Punch tries a new release from Crowned Heads — sorta.

Crowned Heads Las Mareas cigarPlease excuse the lack of clarity of this photo. The smart phone I usually use to take these photos is out for repair so I took this picture with a brick to which I taped a piece of broken bourbon bottle for a lens.

Jon Huber has been doing an almost “stealth” release of this Las Mareas by dribbling it out to select retailers without a lot of fanfare. When I say “release” I mean “pre-release” — not to be confused with the pre-pre-release which some stores got back in September which had Xeroxed bands — this “pre-release” was sent out in November. It is scheduled to be “released” at this year’s IPCPR in July.

Here is what I know about this stick: It is a Nicaraguan puro with a Corojo 99 wrapper and it has a light turquoise ribbon around the foot, and is made at the My Father factory. That’s it.

I picked up mine in mid-December from my favorite local shop, Big Sticks Fine Cigars in Mesa, Arizona. At that time the cigar was clearly freshly made and spongy wet. After letting it rest for around three weeks I’m going to give it a try.

The wrapper on this one is quite toothy and has multiple large veins giving it a lot of character and a rugged look. Yeah — I could see John Rambo working one of these in a jungle behind enemy lines.

The big punch gives a medium-tight draw which has a bit of wintergreen with leather and chicken gizzards. My tongue got pepper sting just from contact.

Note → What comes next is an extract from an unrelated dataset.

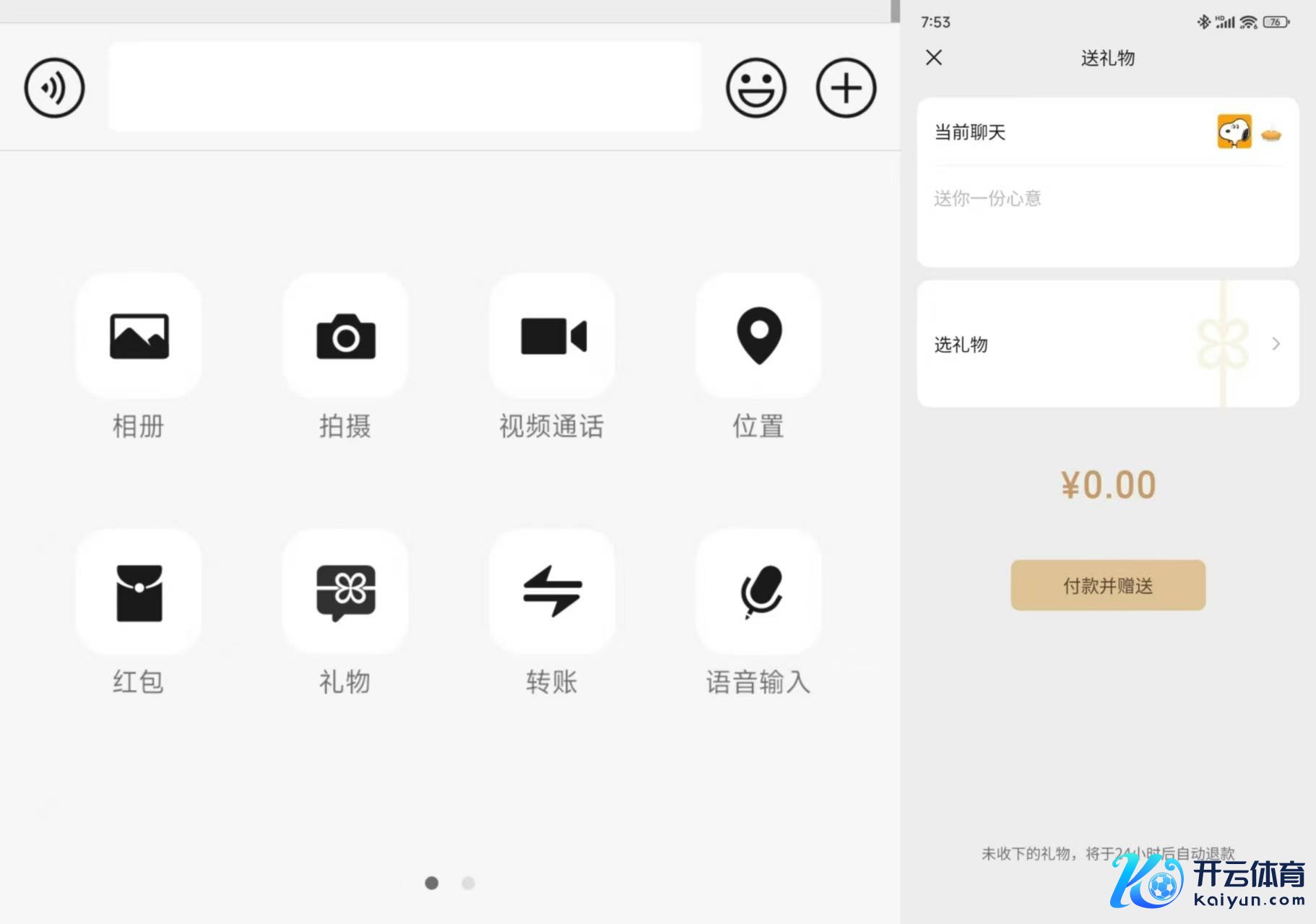 目下,用户仅需要在聊天窗口点击输入框右侧的「+」号,就不错在第一页功能列表中找到「耸峙物」功能。「耸峙物」界面与微信红包界面格调近似,可聘用营救对象帐号、营救祝颂以及营救的礼物本色,而况与微信红包一样在底部自满礼物金额。

After an  ⅛ inch warm up the first impression is a medium intensity hardwood and leather with pepper — the name of a rock band I played in back in college. Pepper was the lead singer, and man was she hot. My first touch-up doesn’t count, since I may not have given it a fair start. Stick around — let’s see where this goes …

… A serious profile — what I call classic, with an extra measure of white pepper.

… Pizza crust.

At 1‑½” in a rich vegital complexity drops in for a visit with some cardboard tagging along.

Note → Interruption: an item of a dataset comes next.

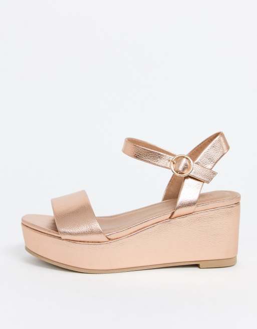 Flatforms clearance rose gold, ASOS DESIGN Wide Fit Tallie flatform sandals in rose gold clearance

By the second third it has crossed over the top in both intensity and complexity. After ½” of that the intensity drops back to medium while the complexity remains full — chlorophyll, wintergreen and spruce.

The last third is a steady decline in both intensity and complexity, shifting back to the original profile of woody leather minus the pepper.

Summary: I really enjoyed this Crowned Heads Las Mareas. It started with a classic hardwood/leather/white pepper character which ballooned around the first third mark to an intense complexity of vegital chlorophyll, wintergreen and spruce. From there it rolled out to a mild woody leather ending. The construction and burn were great, contributing to a very pleasant smoking experience, well worth the $9 price. This is not for the cigar neophyte, but rather for the experienced smoker who is looking for some pop in a cigar without fatiguing the palate.